Local path to save log dump to when using debug-collector.

––password password

Password for the existing user account that will be used to create the new user with create-user-via-ipmi.

-p, ––port port

Set the port to use on the logging server.

––priv priv

Privilege level for new user when using create-user-via-ipmi.

––reboot

Reboot BMC after factory reset when using bmc-factory-reset.

––select name

Run command on a selected subset of machines from a rack_config.json file.

––size size

Number of IPUs in an IPU-Pod. Valid options are: [16, 32, 64, 128]

––sftp

Use sftp instead of scp for file transfers to the BMC.

––show-json

Display the current version information in JSON format.
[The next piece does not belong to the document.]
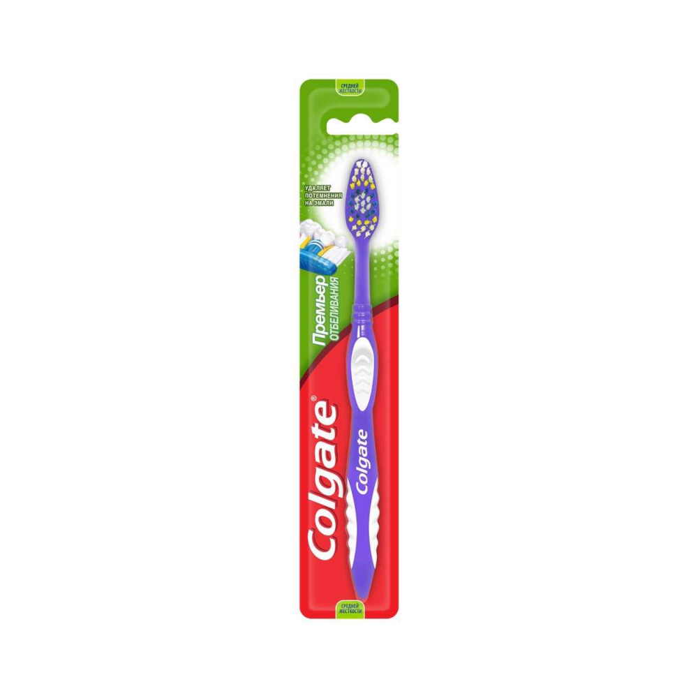 Colgate Премьер Отбеливания тіс щеткасының ерекше дөңгелек түкшелері эмальдағы қоюлау дақтарын жоюға көмектеседі, ал тіл тазалауға арналған төсем ауыздағы жағымсыз иіс тудыратын бактерияларды жоюға көмектеседі.
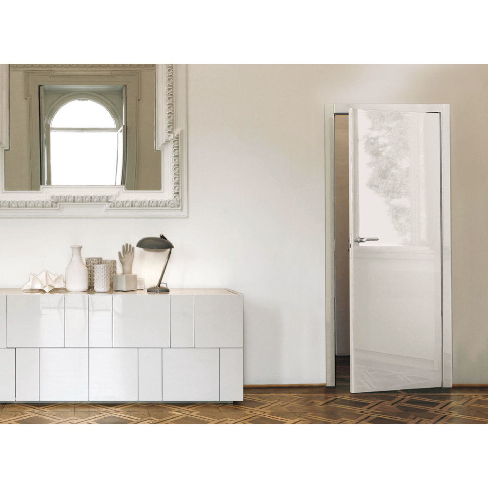 Plain panel, thickness 42 mm, opening by turning on a vertical axis with round shape. Frame with rounded trims, lacquered glossy or matt. Door gasket; two hidden, reversible and patented hinges in zinc-burnished metal, specific lock 70 mm backset, magnetic privacy lock, cylinder with key on demand.

––show-only-running-version

Display the versions of the currently running software components on the IPU-Machine.

––skip-validation

Skip any validation, done by rack_tool at startup, for status, passwords or installed programs.

––target target_component

The device targeted when using ––node to specify IPU-Machine via command line. Currently available device targets are: [ bmc ]

––user user

Username for the existing user account that will be used to create the new user with create-user-via-ipmi.

––user-id user-id

User ID for new user when using create-user-via-ipmi.

-v, ––version

Print the version of the tool.

––vipu-path path_to_vipu_binaries

Path to the binaries needed to run the V-IPU test (vipu-server and vipu-admin).

Commands

bist

Run built-in self test that checks that most components on the board are available and functional.

bmc-factory-reset

Do factory reset on the BMC on all IPU-Machines.

clean-sel-logs

Clean SEL logs on the BMCs of all IPU-Machines. This option is not available for RNIC-only mode.

create-user-via-ipmi
Create a new user in the system via IPMI. To do this a user needs to exist on the system with the privilege to create new users. The command will login as that user to create the new user. ––user and ––password are the login credentials for the existing user. ––new_user and ––new_password are the login credentials for the new user. The new user also needs to be assigned a user id and privilege level via the options ––user_id and ––priv.
Example:
rack_tool create-user-via-ipmi --user <existing_user> --password <existing_password> --new_user <new_user> --new_password <new_password> --user_id <id> --priv <priv>
debug-collector

Manage logs from BMC debug collector. The following sub-commands are available:

  • list: list dump log entries. This is the default command.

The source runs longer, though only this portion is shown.